Presentation information

International Session (Oral)

Symbol A (Atmospheric and Hydrospheric Sciences) » A-CG Complex & General

[A-CG09] Development and application of land and ocean biogeochemistry components of Earth system models

Mon. May 23, 2016 3:30 PM - 5:00 PM 102 (1F)

Convener:*Michio Kawamiya(Japan Agency for Marine-Earth Science and Technology), Kaoru Tachiiri(Japan Agency for Marine-Earth Science and Technology), Tomohiro Hajima(Japan Agency for Marine-Earth Science and Technology), Vivek Arora(Canadian Centre for Climate Modelling and Analysis), Chair:Vivek Arora(Canadian Centre for Climate Modelling and Analysis, Environment and Climate Change Canada)

4:00 PM - 4:15 PM


*Sitch Alexander Stephen1 (1.University of Exeter)

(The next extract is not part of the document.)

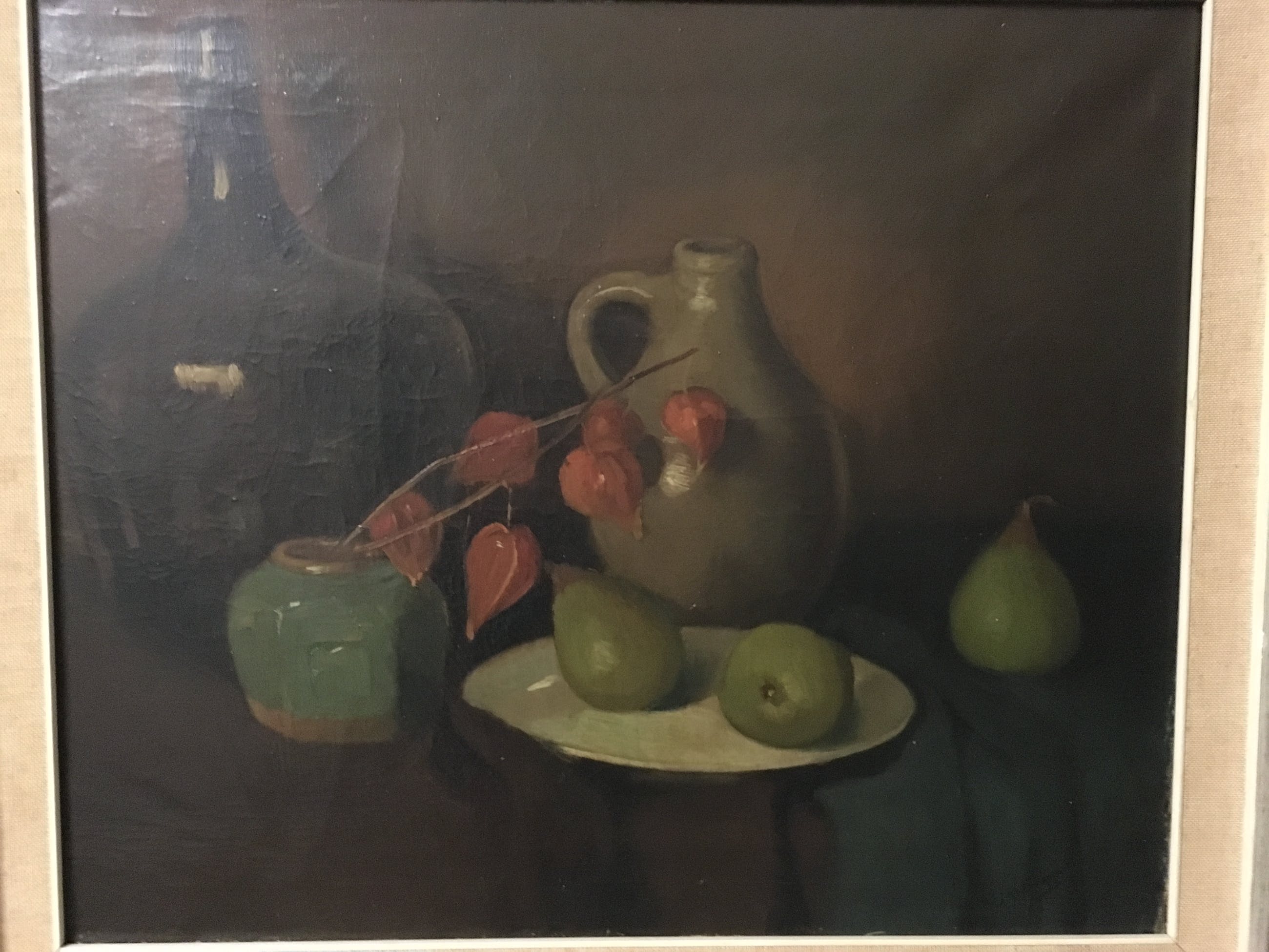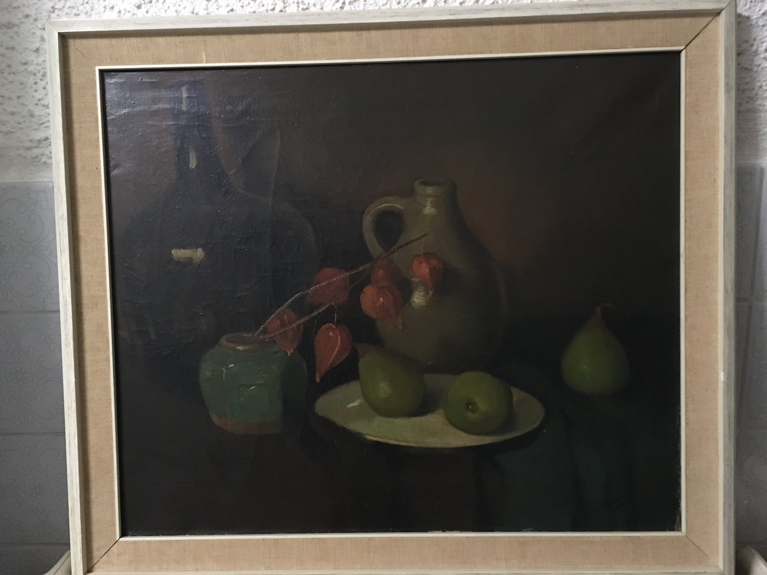 Stilleven met kruik en fruit schilderij is schoongemaakt en nieuwe vernislaag

Keywords:land-atmosphere interactions, DGVMs, climate-carbon cycle models

Sitch, S. (1) and the TRENDY DGVM consortium, (1) University of Exeter, UK.
Each year a consortium of Dynamic Global Vegetation Modelling groups perform a factorial set of global simulations over the historical period, 1901 – present, to investigate the temporal and spatial trends in the land sink, and the contribution of land-use to emissions. This activity contributes the annual global carbon budget updates of the Global Carbon Project. Typical around 10 models are forced with reconstructed observed climate, global atmospheric CO2, gridded fields of historical land-use and land cover changes (LULCC), and nitrogen deposition for a subset of models which include a fully interactive nitrogen cycle. The TRENDY project will be presented, including process developments through to the latest Trendy-v4 (1901-2014). Results are used to ascertain the individual contribution of CO2, Climate, Land-Use and N deposition on the regional and global land carbon sink. Increasingly offline land surface simulations and coupled ESM simulations use the same land-surface components and results from each can inform the other. Both TRENDY and C4MIP have increasing interest in evaluation activities. Furthermore, observational datasets including those from remote sensing are used to evaluate model performance and help constrain the global land carbon sink over the past two decades.